Exercise:
Return verbatim the run of lines that opens with the line holding "雅马哈日本进口雅马哈技术大功" and closes with the last line of the records.

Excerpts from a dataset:
━━━━━━━━━━━━━━━━━━━━━━━━━━━━━━

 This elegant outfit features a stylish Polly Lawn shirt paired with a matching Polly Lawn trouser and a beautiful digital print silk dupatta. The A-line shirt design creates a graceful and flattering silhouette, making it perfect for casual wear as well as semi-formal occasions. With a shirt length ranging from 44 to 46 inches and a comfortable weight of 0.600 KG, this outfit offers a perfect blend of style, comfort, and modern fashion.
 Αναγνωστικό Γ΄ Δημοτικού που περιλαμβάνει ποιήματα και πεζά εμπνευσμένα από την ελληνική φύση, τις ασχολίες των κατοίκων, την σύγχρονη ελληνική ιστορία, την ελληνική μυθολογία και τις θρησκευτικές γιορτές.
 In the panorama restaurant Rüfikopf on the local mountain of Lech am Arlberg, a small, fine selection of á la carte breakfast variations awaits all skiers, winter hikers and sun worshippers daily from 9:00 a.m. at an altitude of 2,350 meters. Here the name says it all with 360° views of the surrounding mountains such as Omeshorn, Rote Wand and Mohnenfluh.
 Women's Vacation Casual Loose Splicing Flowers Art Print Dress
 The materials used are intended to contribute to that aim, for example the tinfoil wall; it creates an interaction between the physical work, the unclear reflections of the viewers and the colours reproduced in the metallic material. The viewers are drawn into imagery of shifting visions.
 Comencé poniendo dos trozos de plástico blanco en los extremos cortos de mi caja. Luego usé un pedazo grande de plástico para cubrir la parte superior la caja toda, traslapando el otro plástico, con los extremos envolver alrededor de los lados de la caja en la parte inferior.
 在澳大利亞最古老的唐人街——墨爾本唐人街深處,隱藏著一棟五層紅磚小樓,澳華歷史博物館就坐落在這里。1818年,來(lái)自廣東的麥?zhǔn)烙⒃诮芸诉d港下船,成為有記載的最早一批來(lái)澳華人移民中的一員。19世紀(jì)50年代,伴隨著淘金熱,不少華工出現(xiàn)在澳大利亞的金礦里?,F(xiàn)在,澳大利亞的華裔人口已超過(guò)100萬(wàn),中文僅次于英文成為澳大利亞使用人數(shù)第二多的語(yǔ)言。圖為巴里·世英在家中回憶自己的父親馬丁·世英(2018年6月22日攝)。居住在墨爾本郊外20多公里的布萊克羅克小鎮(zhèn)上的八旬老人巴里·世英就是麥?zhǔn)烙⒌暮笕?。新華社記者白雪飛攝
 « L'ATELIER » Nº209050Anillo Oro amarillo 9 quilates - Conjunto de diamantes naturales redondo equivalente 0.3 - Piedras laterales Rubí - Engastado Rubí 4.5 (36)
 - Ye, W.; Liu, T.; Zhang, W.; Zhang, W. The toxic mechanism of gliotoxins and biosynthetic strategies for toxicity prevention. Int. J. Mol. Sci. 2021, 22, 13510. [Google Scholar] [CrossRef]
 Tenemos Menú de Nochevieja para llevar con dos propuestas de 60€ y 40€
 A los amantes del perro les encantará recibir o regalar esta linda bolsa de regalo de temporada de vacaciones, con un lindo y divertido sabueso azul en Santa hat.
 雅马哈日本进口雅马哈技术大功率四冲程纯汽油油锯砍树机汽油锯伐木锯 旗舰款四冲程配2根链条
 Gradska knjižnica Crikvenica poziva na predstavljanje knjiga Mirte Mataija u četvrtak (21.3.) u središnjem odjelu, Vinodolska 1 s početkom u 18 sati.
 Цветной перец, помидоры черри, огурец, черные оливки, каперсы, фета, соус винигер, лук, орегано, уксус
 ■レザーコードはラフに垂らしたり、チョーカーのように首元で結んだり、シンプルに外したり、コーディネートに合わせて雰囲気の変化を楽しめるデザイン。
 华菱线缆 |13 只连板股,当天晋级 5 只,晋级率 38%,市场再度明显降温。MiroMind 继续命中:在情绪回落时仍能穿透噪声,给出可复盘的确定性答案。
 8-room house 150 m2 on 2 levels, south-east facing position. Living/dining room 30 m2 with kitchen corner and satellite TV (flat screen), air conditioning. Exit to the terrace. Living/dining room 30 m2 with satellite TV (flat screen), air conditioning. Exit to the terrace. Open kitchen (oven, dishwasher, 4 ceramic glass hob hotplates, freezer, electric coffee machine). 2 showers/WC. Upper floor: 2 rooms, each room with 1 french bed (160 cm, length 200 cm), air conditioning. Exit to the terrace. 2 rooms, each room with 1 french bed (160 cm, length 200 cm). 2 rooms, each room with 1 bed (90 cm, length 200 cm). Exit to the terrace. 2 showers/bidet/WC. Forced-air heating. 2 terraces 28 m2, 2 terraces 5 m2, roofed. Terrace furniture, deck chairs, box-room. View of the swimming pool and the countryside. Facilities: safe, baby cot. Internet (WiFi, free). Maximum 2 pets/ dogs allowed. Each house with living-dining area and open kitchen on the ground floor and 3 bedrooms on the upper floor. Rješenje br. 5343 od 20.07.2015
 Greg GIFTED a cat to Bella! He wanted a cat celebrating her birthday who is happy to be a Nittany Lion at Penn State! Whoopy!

━━━━━━━━━━━━━━━━━━━━━━━━━━━━━━

Solution to the exercise:
 雅马哈日本进口雅马哈技术大功率四冲程纯汽油油锯砍树机汽油锯伐木锯 旗舰款四冲程配2根链条
 Gradska knjižnica Crikvenica poziva na predstavljanje knjiga Mirte Mataija u četvrtak (21.3.) u središnjem odjelu, Vinodolska 1 s početkom u 18 sati.
 Цветной перец, помидоры черри, огурец, черные оливки, каперсы, фета, соус винигер, лук, орегано, уксус
 ■レザーコードはラフに垂らしたり、チョーカーのように首元で結んだり、シンプルに外したり、コーディネートに合わせて雰囲気の変化を楽しめるデザイン。
 华菱线缆 |13 只连板股,当天晋级 5 只,晋级率 38%,市场再度明显降温。MiroMind 继续命中:在情绪回落时仍能穿透噪声,给出可复盘的确定性答案。
 8-room house 150 m2 on 2 levels, south-east facing position. Living/dining room 30 m2 with kitchen corner and satellite TV (flat screen), air conditioning. Exit to the terrace. Living/dining room 30 m2 with satellite TV (flat screen), air conditioning. Exit to the terrace. Open kitchen (oven, dishwasher, 4 ceramic glass hob hotplates, freezer, electric coffee machine). 2 showers/WC. Upper floor: 2 rooms, each room with 1 french bed (160 cm, length 200 cm), air conditioning. Exit to the terrace. 2 rooms, each room with 1 french bed (160 cm, length 200 cm). 2 rooms, each room with 1 bed (90 cm, length 200 cm). Exit to the terrace. 2 showers/bidet/WC. Forced-air heating. 2 terraces 28 m2, 2 terraces 5 m2, roofed. Terrace furniture, deck chairs, box-room. View of the swimming pool and the countryside. Facilities: safe, baby cot. Internet (WiFi, free). Maximum 2 pets/ dogs allowed. Each house with living-dining area and open kitchen on the ground floor and 3 bedrooms on the upper floor. Rješenje br. 5343 od 20.07.2015
 Greg GIFTED a cat to Bella! He wanted a cat celebrating her birthday who is happy to be a Nittany Lion at Penn State! Whoopy!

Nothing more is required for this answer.